Postby I <3 Shadows » Mon Jun 23, 2008 5:24 pm UTC

I'm just going to throw this out there and see if anyone had the same thought I did when I read this one.

He wanted to say I love you, but couldn't, because quite frankly, it was most likely about the sex and he only can to the realization through allowing his thoughts to be restricted by the spacing. When you're forced to think on the spot and make things up, it much more difficult than simply telling the truth. You can lie to yourself all you want as long as you have the time to put the lies together. If you set aside the assumption that he loves her, it makes more sence that he could answer that strongly in a negative way.

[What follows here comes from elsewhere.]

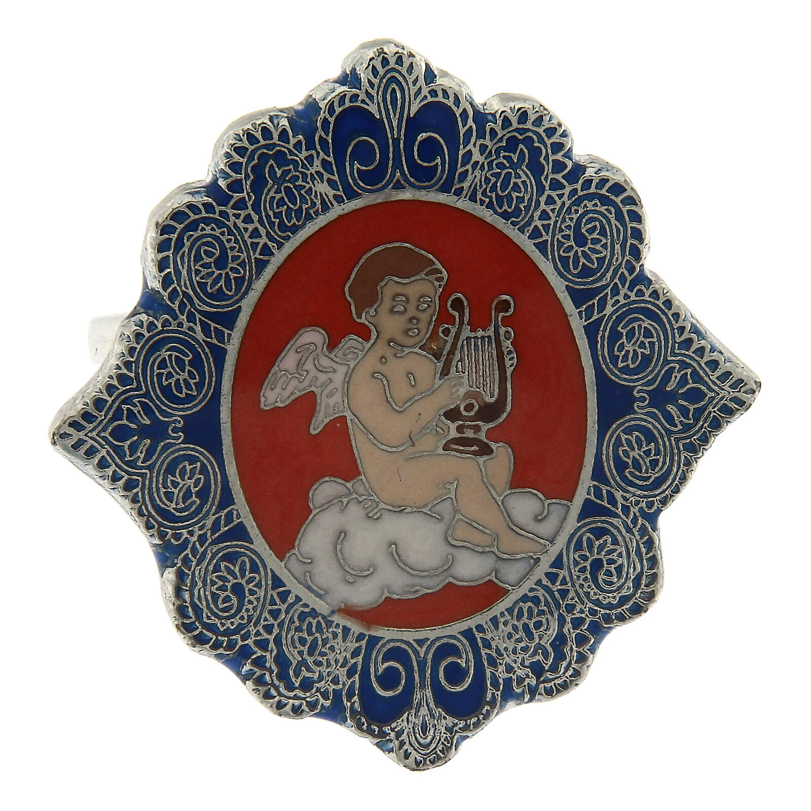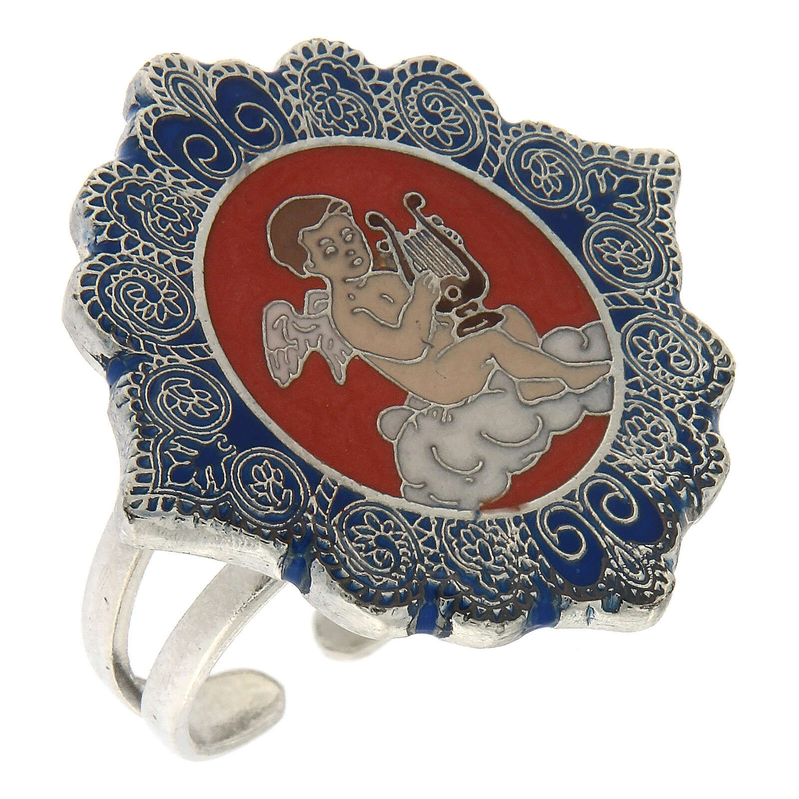 Bague réglable Ange musicien fond corail. Bague en métal avec médaille en zamak avec finition galvanique en bronze blanc sans nickel. La médaille d'ange musicien de 2,5x2,5 cm avec fond corail et bord bleu est émaillée à la main avec une seringue pour offrir une image très détaillée. L'émail est ensuite cuit et recouvert d'une couche de protection en résine transparente pour en exalter l'éclat.

Hell, things couldn't have been going that well between <rob> and <emily> to begin with if she needed to ask if it was just about sex. A) It's always about sex. B) That's not the important part, it's the everything else that matters. The "just" part of the statment that makes the difference.

In this case, OCD allowed him to get to the core of himself faster. Maybe I'm just thinking this because that's the kind of thing that was going on in my life at the time, but the fact stands. If they were close, she wouldn't have needed to ask, she would have known better than to freak out, he would have found something better to say, and it would have been something to laugh at.

The end result. I think <rob> meant everything he said. It was just about sex even though he was hoping for more.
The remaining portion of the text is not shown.